Do you have something you can point me towards that describes what they’re doing differently from all the other companies working in the AI space?

I get the impression that you haven’t actually watched the AI Day presentation. They lay it all out.

Oh, I did (well, I watched the supercut version). But as you noted in your very first post, it’s not really that digestible for a lay person, being pitched more to engineers. They don’t really go into detail how their approach to robotics (or AI generally) is different from all the many other entities that are researching or developing in that space. Probably they assume their real audience (engineers, not lay people) are well aware of what the state of play in the field is. But I’m a lay person, so I’m not.

So is there something out there that kind of describes what Tesla’s doing differently than all the other AI/robotics shops are doing?

But, I think, you only think that way because for your whole life this has been happening. If you go and study how ENIAC worked all the formulas were basically hard wired. There was no terminal where you typed in a program in ~english-like text and a compiler to convert it to the machine’s language.

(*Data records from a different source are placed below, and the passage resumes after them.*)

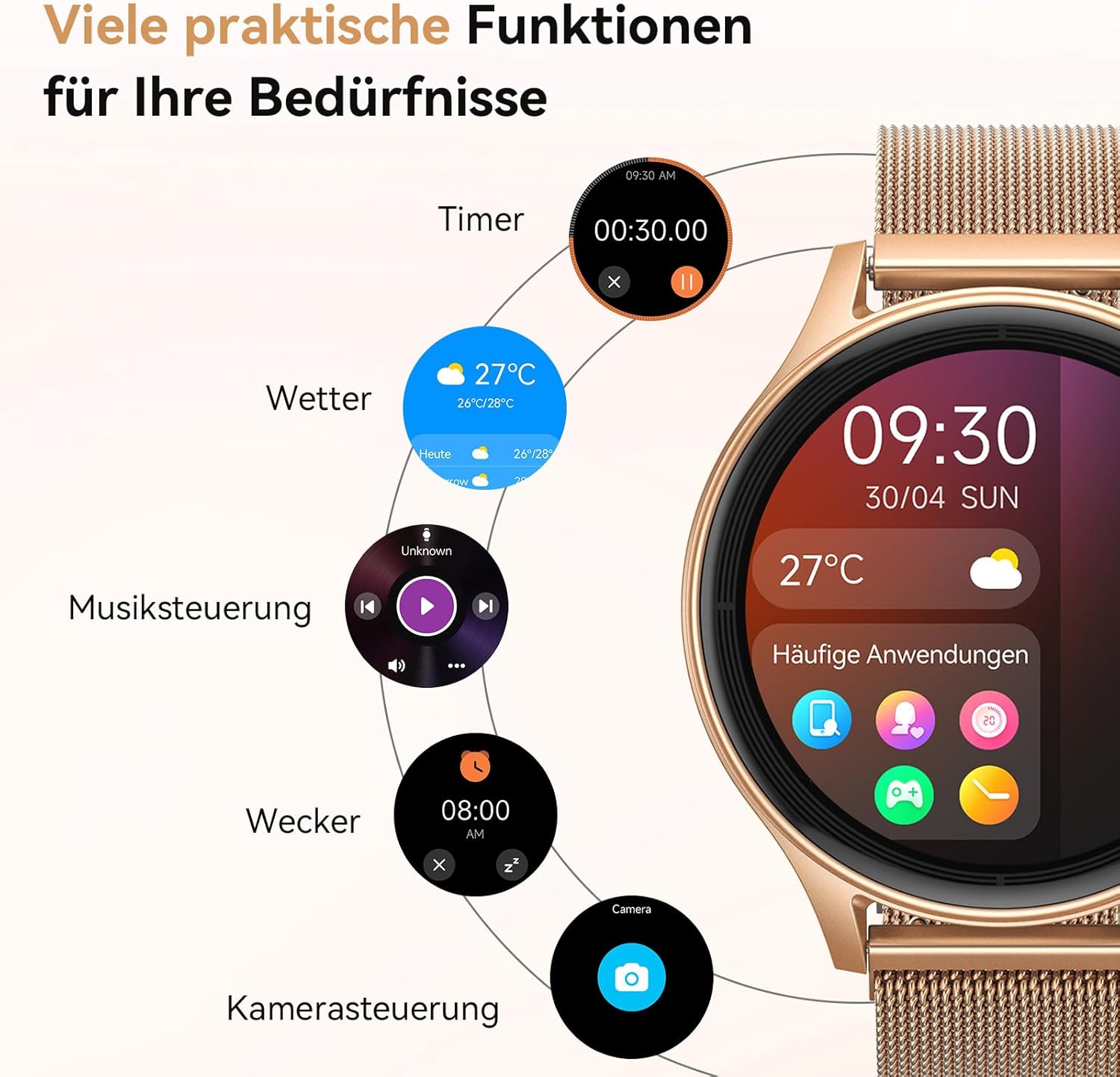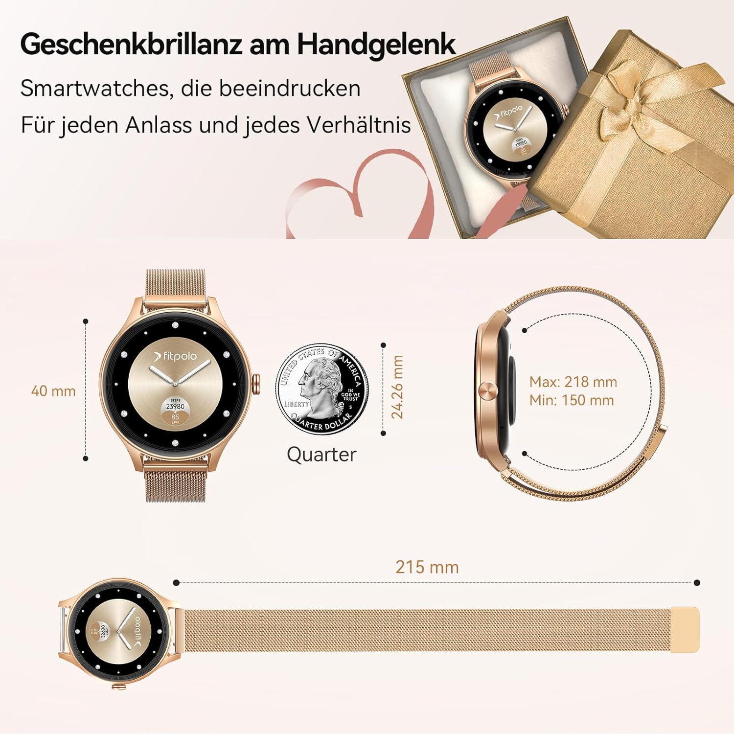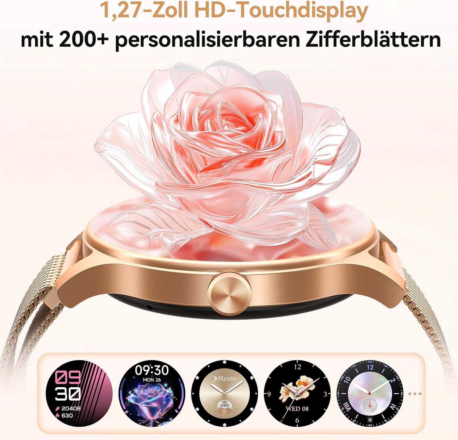 • AMOLED дисплей със стилен дизайн: Дамският смарт часовник Fitpolo впечатлява с 40 мм AMOLED екран, който предлага живи цветове и перфектна четливост дори на пряка слънчева светлина. Кръглият метален корпус съчетава елегантност със здравина - плюс смарт часовник с над 200 персонализирани циферблата или любимата ви снимка за вашия индивидуален външен вид. (Активна площ на дисплея: 1,27 инча)
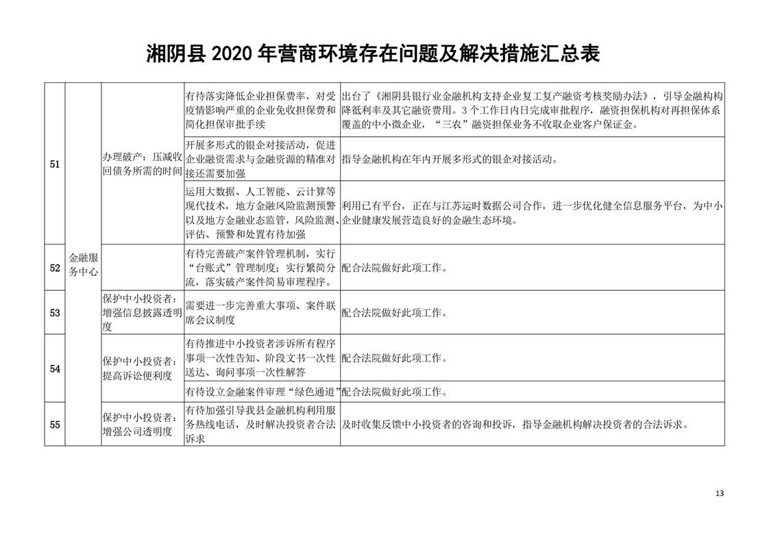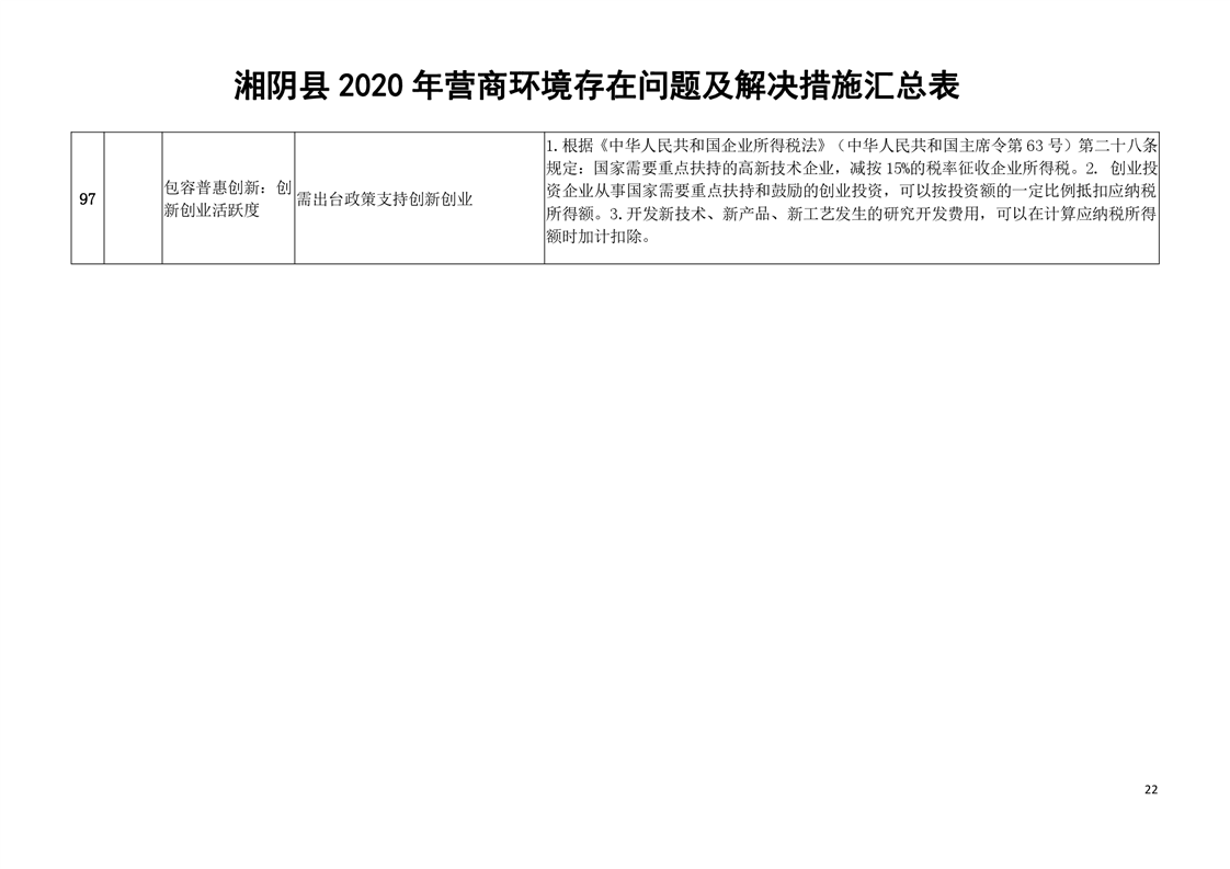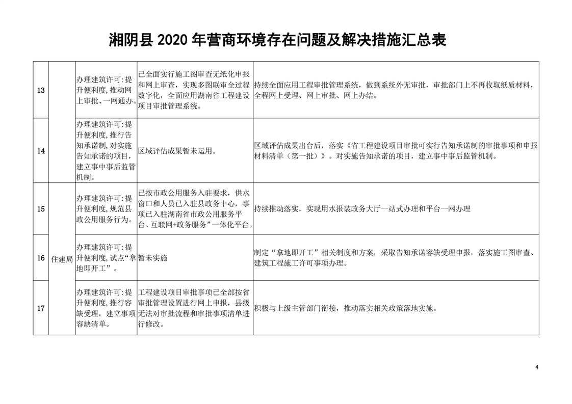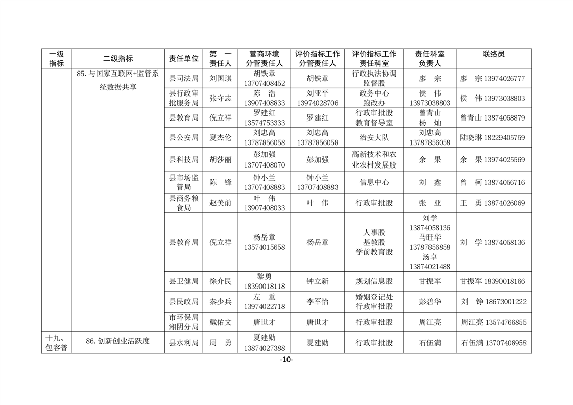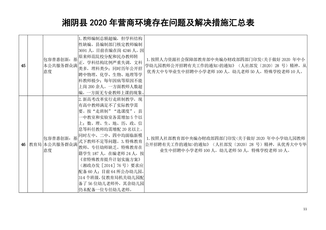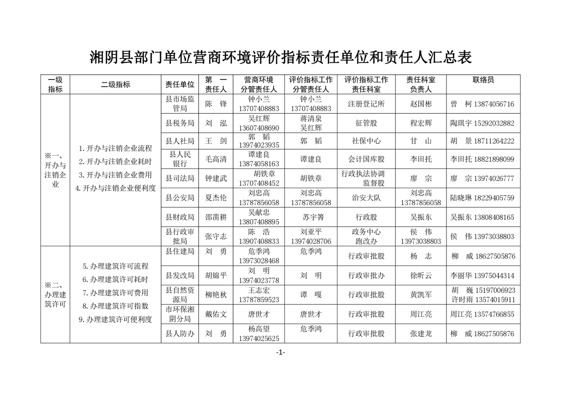 关于印发《湘阴县进一步优化营商环境任务分解表》《湘阴县2020年营商环境存在的问题及解决措施汇总表》《湘阴县部门单位营商环境评价指标责任单位和责任人汇总表》的通知
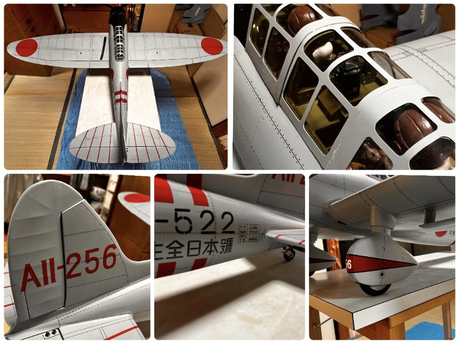 終盤、集中力も途切れ、かなり雑な作りになったけど、当初の狙いどおり拘った部分、実機どおりの羽布張りの表現やダンパー付きの脚など工夫しつつイメージどおりには出来ました。
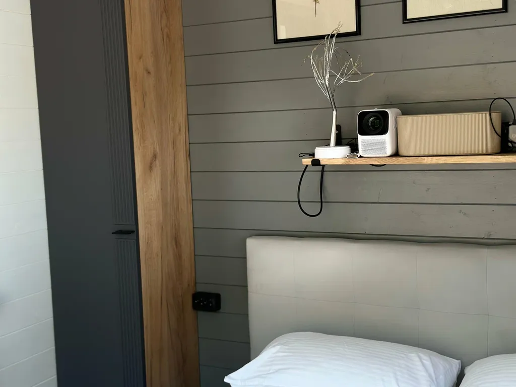 Уютная спальня, где вы сможете провести семейный вечер, смотря любимые фильмы на smart-проекторе. Мы подключили подписку в приложении «Кинопоиск», где найдете фильмы и сериалы на любой вкус. Двуспальная кровать с белоснежным бельем и премиальным матрасом создаст условия для комфортного сна. Умная Яндекс-станция «Алиса» создаст нужную атмосферу: включит любимые песни или расскажет сказки детям.
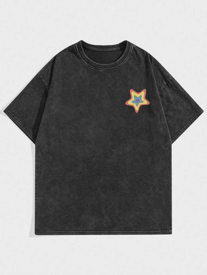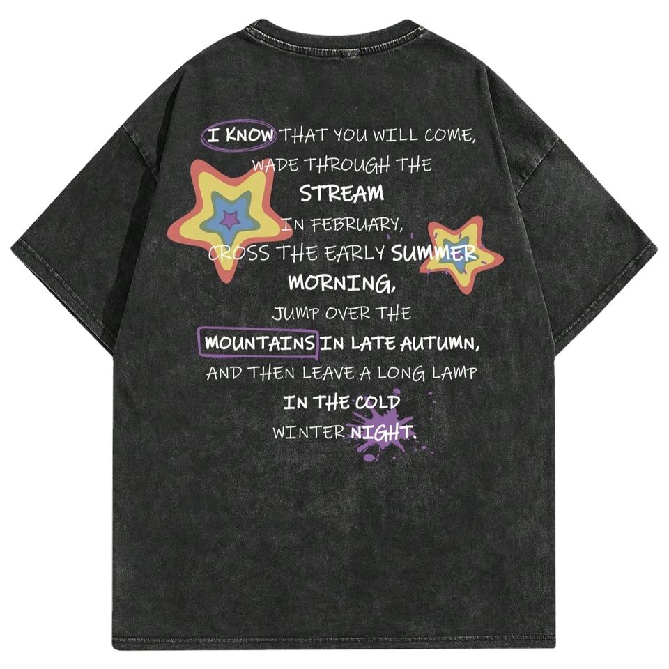 เสื้อยืดคอกลมผู้ชายผ้าฝ้ายถัก 100% สีพื้น ดีไซน์สั่งทำได้ สไตล์วินเทจ ล้างสีแบบแอซิดวอช สำหรับฤดูร้อน
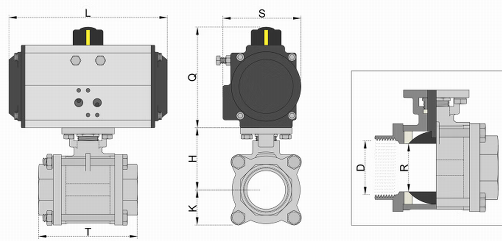 進(jìn)口氣動(dòng)不銹鋼三片式球閥是一種直角回轉(zhuǎn)結(jié)構(gòu)的控制閥,由活塞式氣動(dòng)執(zhí)行器和三片式球閥組成,輸入0.4~0.7MPa氣源即可控制啟閉,氣動(dòng)執(zhí)行器的執(zhí)行速度快,并可遠(yuǎn)程控制。
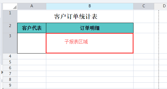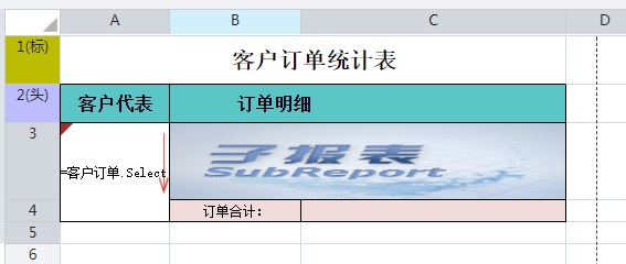 在B3单元格重新插入子报表“订单明细表2”。
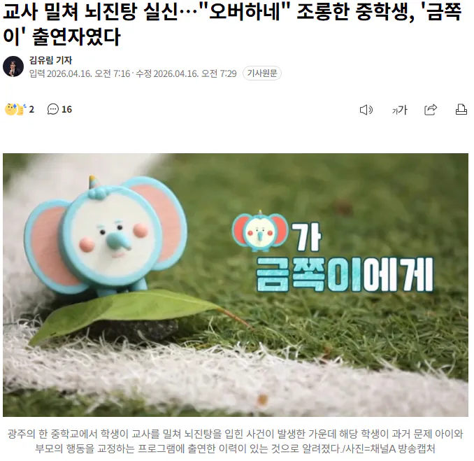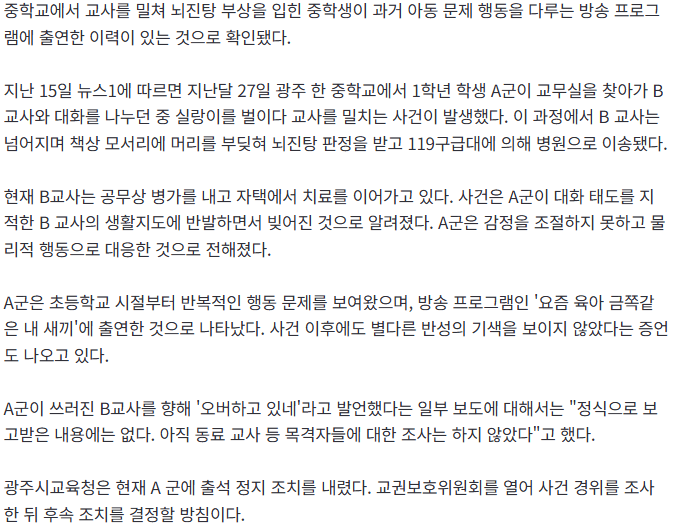 한 중학생이 교사를 밀쳐 뇌진탕과 실신을 입혔던 사건이 주목받고 있다. 더 논란이 되는 부분은 학생이 쓰러진 교사를 향해 "오버하는 거 아닌가" 라며 비아냥댔다는 점. 알고 보니 이 학생은 인기 예능 프로그램 '금쪽이'에 출연한 인물이었던 것으로 확인됐다.
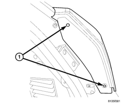 5. Install the two push pin fasteners (1) in the liftgate opening.

No it can’t. But the tools and process used to create and train DALL-E are pretty much the same as the tools used to do most other AI tasks. There are multiple different tools sets that are similar, but better at different things, such as the “frameworks” like Tensorflow, PyTorch, MXNet just like there are different programming languages that one might use to solve other problems – like Fortran, C/C++, Basic, Pascal, Python (and a hundred others).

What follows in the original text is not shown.